25/06/2020

Hôpitaux suisses, 3 milliards de perte en deux mois...

Le coronavirus Sars Cov-19 a révélé une chose extraordinaire. La population suisse est moins malade et à moins besoin d'opération pour se remettre sur pied et en bonne santé.

Ainsi, en deux mois de semi-confinement, les hôpitaux suisses, généralement bénéficiaires en temps normal et gardant les bénéfices pour l'entreprise comme tout bon système capitaliste malgré des primes et des franchises astronomiques payées par la population helvète, ont essuyé des pertes estimées d'au moins trois milliards de francs.

Il y a plusieurs hics dans la tentative des hôpitaux de récupérer leurs pertes qui seraient dues à la décision fédérale de reporter les opérations non urgente à une date ultérieure pour réserver les places aux patients Covid.

Le premier hic c'est qu'en principe le patient, la patiente, n'est pas une denrée périssable pas plus qu'un objet obsolète qu'on ne peut plus réparer dépassé un certain délai de déglinguement (mot nouveau).

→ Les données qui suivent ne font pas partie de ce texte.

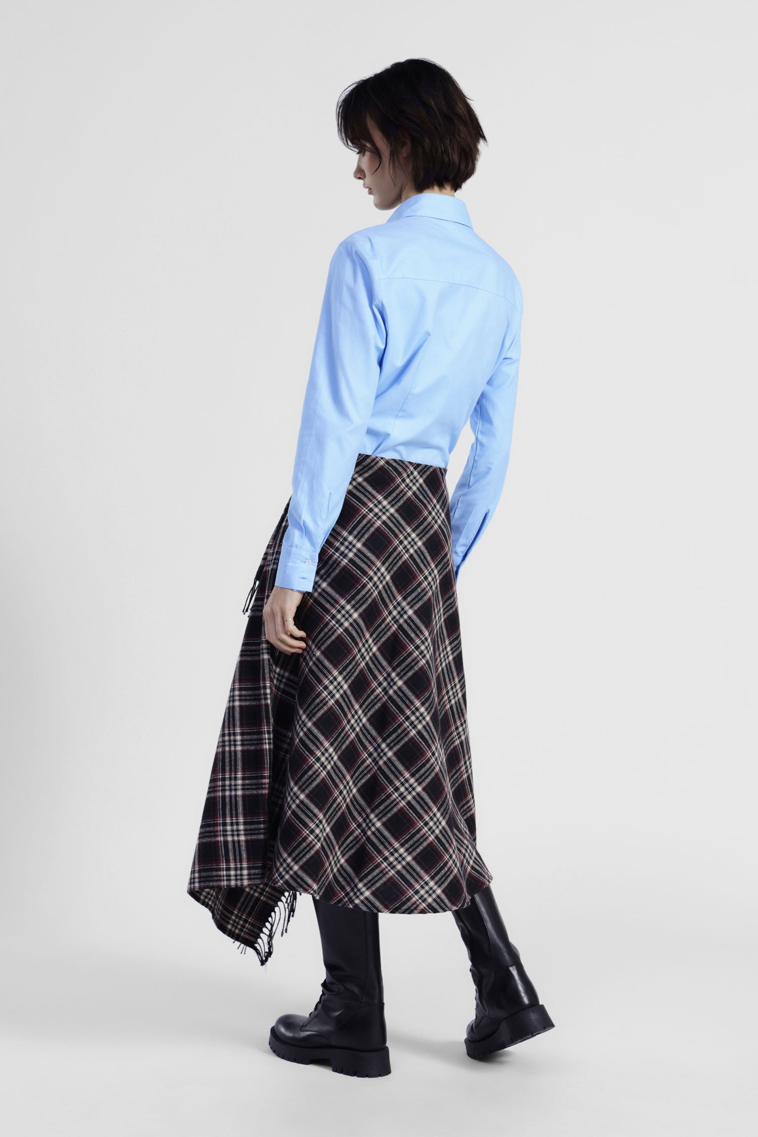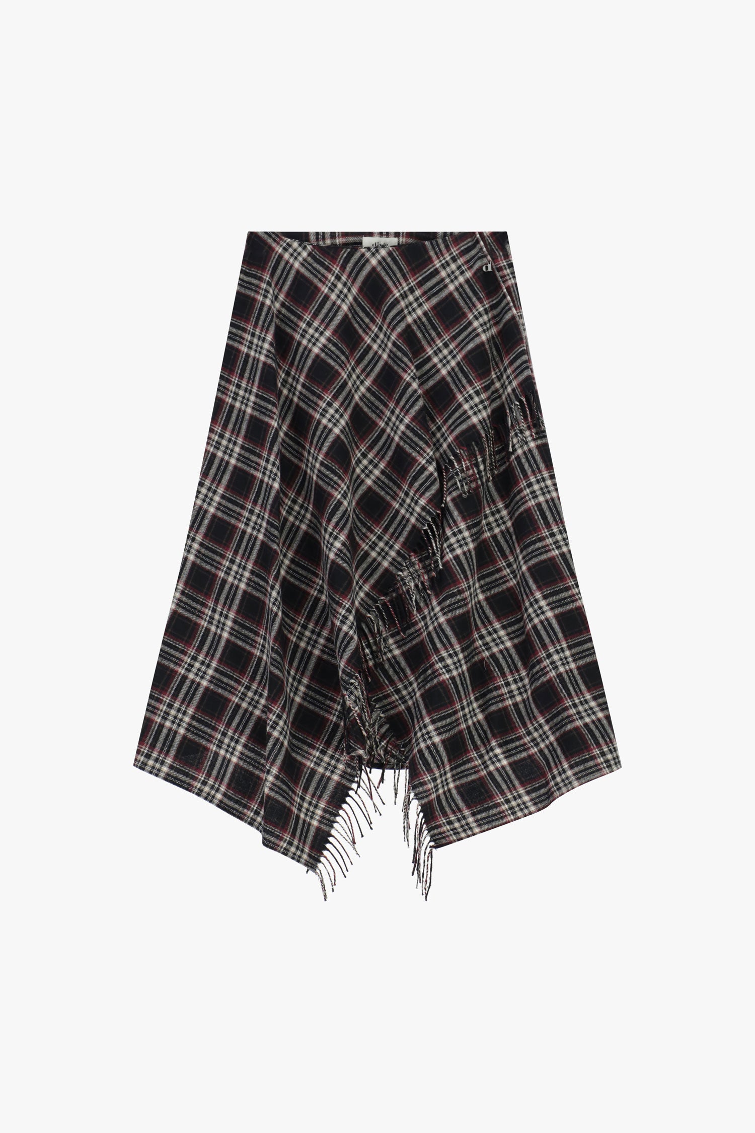 Gonna lunga asimmetrica a quadri con frange DIXIE

Un être humain qui a eu besoin de reporter son opération "indispensable" devrait toujours en avoir besoin et, jusqu'à nouvel avis, les hôpitaux et les médecins qualifiés sont en nombre suffisants pour faire du "rattrapage", donc du bénéfice...

Le second hic c'est que les hôpitaux demandent une aide à fonds perdus à la Confédération pour renflouer leurs caisses vidées par le Covid. Hors, aucun secteur de l'industrie n'a obtenu une telle faveur pour compenser la perte du chiffre d'affaire. Pourquoi les hôpitaux devraient-il être privilégiés alors même que nous payons (nous sommes l'Etat) déjà fort cher nos primes et nos franchises? La Confédération n'a pas à intervenir. Et elle a raison de s'y opposer. D'autant que du personnel hospitalier a été mis au chômage partiel et à donc été payé par les RHT et non par les hôpitaux eux-mêmes.

Le troisième hic, et pas le moins inquiétant, c'est que la population suisse semble avoir moins besoin de recourir à des gestes et des opérations médicales par temps de Covid. C'est là qu'intervient la médecine de luxe qui pousse ses clients et clientes à la consommation... Et c'est là que tout cela n'est plus normal du tout. Des familles sont à la limite du minimum vital, en Suisse, à cause des primes et des franchises maladie très élevées (ces familles, à part pour les enfants, ne consultent pas et ne se soignent pas bien trop souvent pour cause de franchises exorbitantes qu'elles ont choisi concernant les parents). Pendant ce temps, le système préconise une médecine de luxe pour celles et ceux qui consultent et se soignent sur le dos finalement de la population qui ne consulte jamais ou beaucoup trop rarement. Une étude nationale manque cruellement à cet effet pour connaître qui consulte et pourquoi et qui ne consulte pas parmi les couches de la population et les strates sociales.

Enfin, dernier hic, pourquoi a-t-on fait des hôpitaux publics des entreprises privées qui demandent aujourd'hui le secours financier non remboursable de l'Etat fédéral? Selon le principe du néolibéralisme qui veut que les riches encaissent les bénéfices en exclusivité et tentent de reporter les dettes sur l'Etat social?

Berne a raison de s'opposer aux demandes des hôpitaux. Il faut juste espérer que la leçon sera retenue et que notre système de santé entame une réflexion profonde sur notre manière économique de concevoir aujourd'hui la santé publique qui nous coûte la peau des fesses et même les yeux de la tête.